There was this fascinating study that Harvard did. It started in 1934, and it's still going. It's called the Harvard Study of Adult Development. So what they did is they created a group of Harvard graduates and then these teenage boys from a low-income neighborhood in Boston and they measured everything everything brothers, dna, psychological problems, tracked, their marriage tracked, their deaths tracked, really just kind of followed them through life. It's still ongoing. Several of those men have actually donated their brains to science as a part of this study. And here's what they found tracking these guys' lives.

Speaker 2:

Strong relationships with other men matter more than anything else. They affect the outcomes of our lives more than IQ, social class or money. Of all the metrics researchers tracked, relationships clearly and definitively have the most bearing on men's satisfaction levels. It's actually they named it, it's called social fitness man that one of the books I've been taking guys through since it came out was the book Fighting Shadows by John Tyson and Jefferson Bethke, and they argue that men need proximity, they need unplanned interactions and they need vulnerability, like they need to go deep, and vulnerability is essential. If you're thinking I mean golf or fantasy football leagues or a hunting trip, then man, that's not quite right. I'm not saying there's anything wrong with those things. I think all three of those are gifts, although I'm not a big golf guy.

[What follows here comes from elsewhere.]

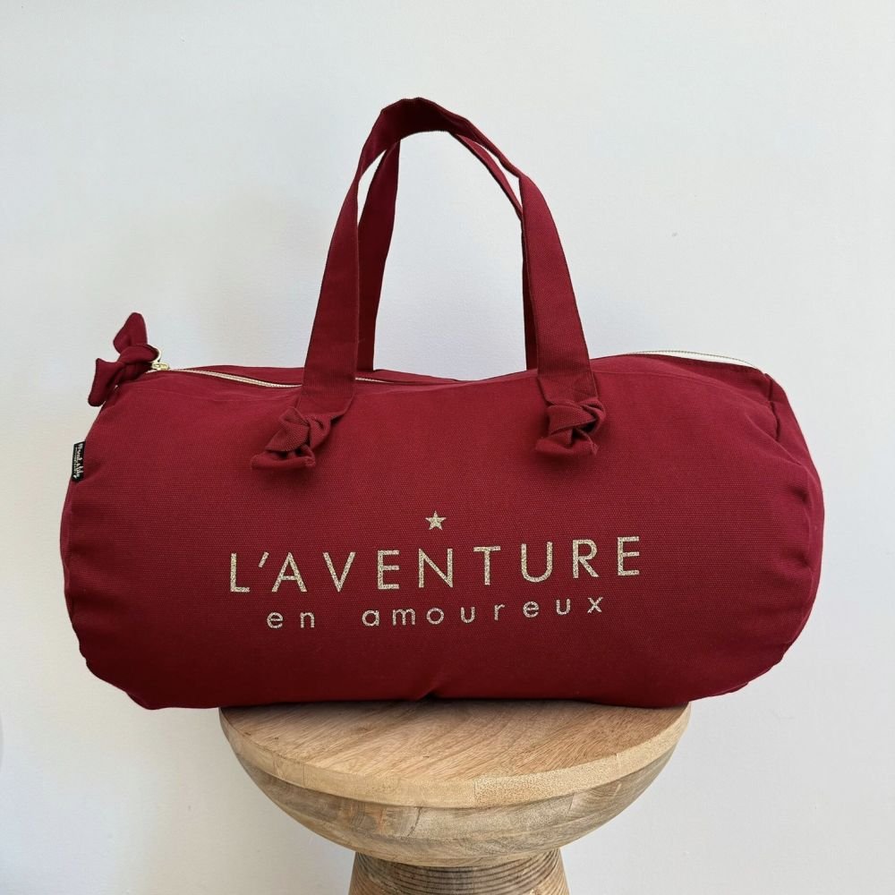 Sac polochon couleur bordeaux trop mignon pour les amoureux qui aiment partir à l'aventure .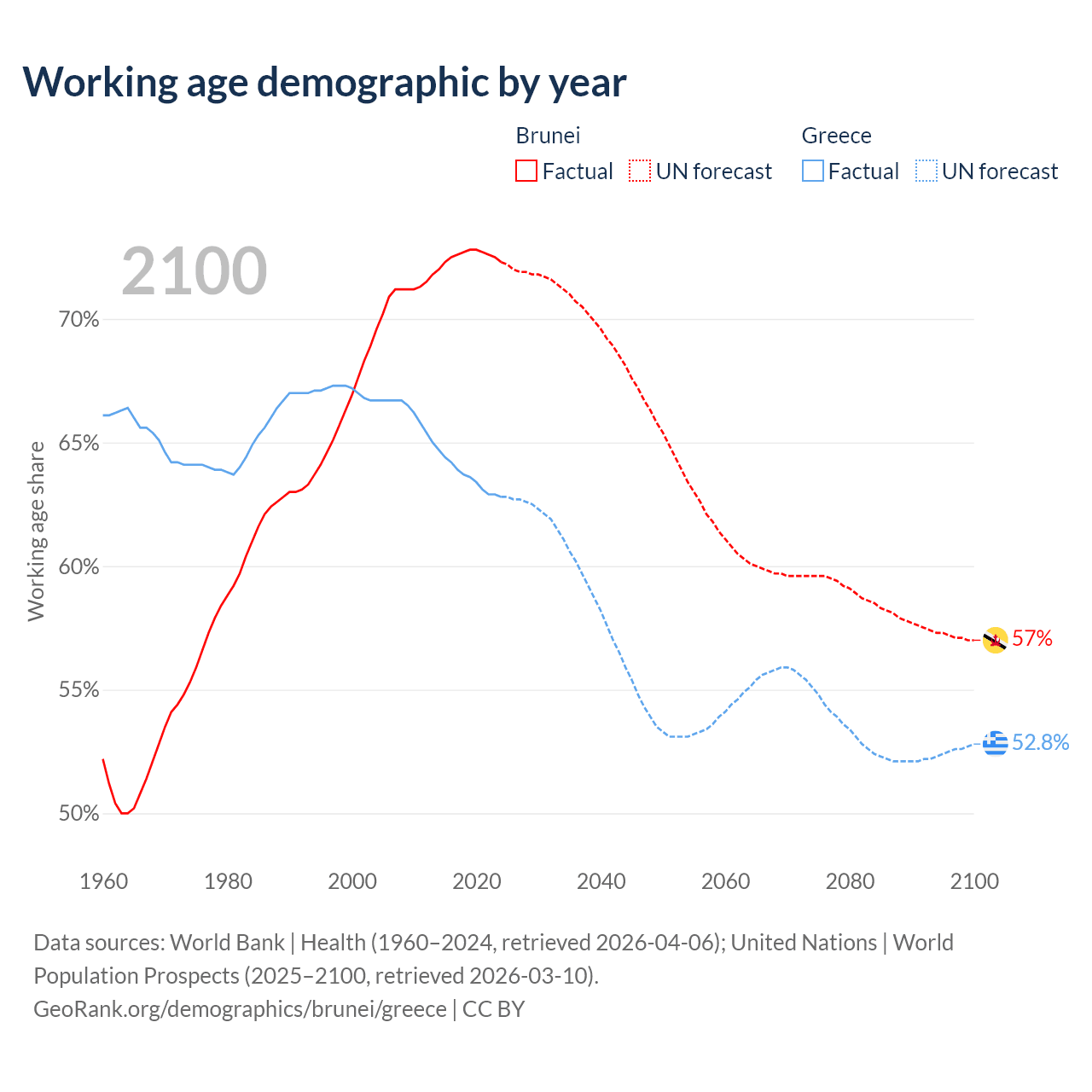 - Brunei has 340K working age adults (aged 15-64) vs 6.4M in Greece.

But vulnerability is the key in these friendships, going below the line of being really honest about where we struggle, about where we're hopeful, about what's pissing us off right now, about what we're hoping for that seems out of our grasp.

Speaker 2:

We just actually did a funeral here at the village church from a guy who was decently connected, had struggled with severe mental illness, decided not to let anyone know, so his wife knew, his family knew not even his wife's family knew of the darkness that haunted him and hunted him, and he just recently took his life. And I can't help but think, had he been willing, had he been willing to just let one of his guys in, like if he would have been willing to take that kind of foxhole mentality where bullets are flying and crap's exploding. I'm going to dive into this foxhole and I'm going to let somebody know, and so I want to encourage you, brothers, as you're cultivating a sense of self. I want you to find your guys. Find them. Find that King's table, find that older man that can speak life into you. Find that Joab that David had, that wants to conquer the mountain with you. Find that Jonathan, that lover of your soul. We need to cultivate a brotherhood around us that can strengthen us, flank us and protect us in the day of trouble.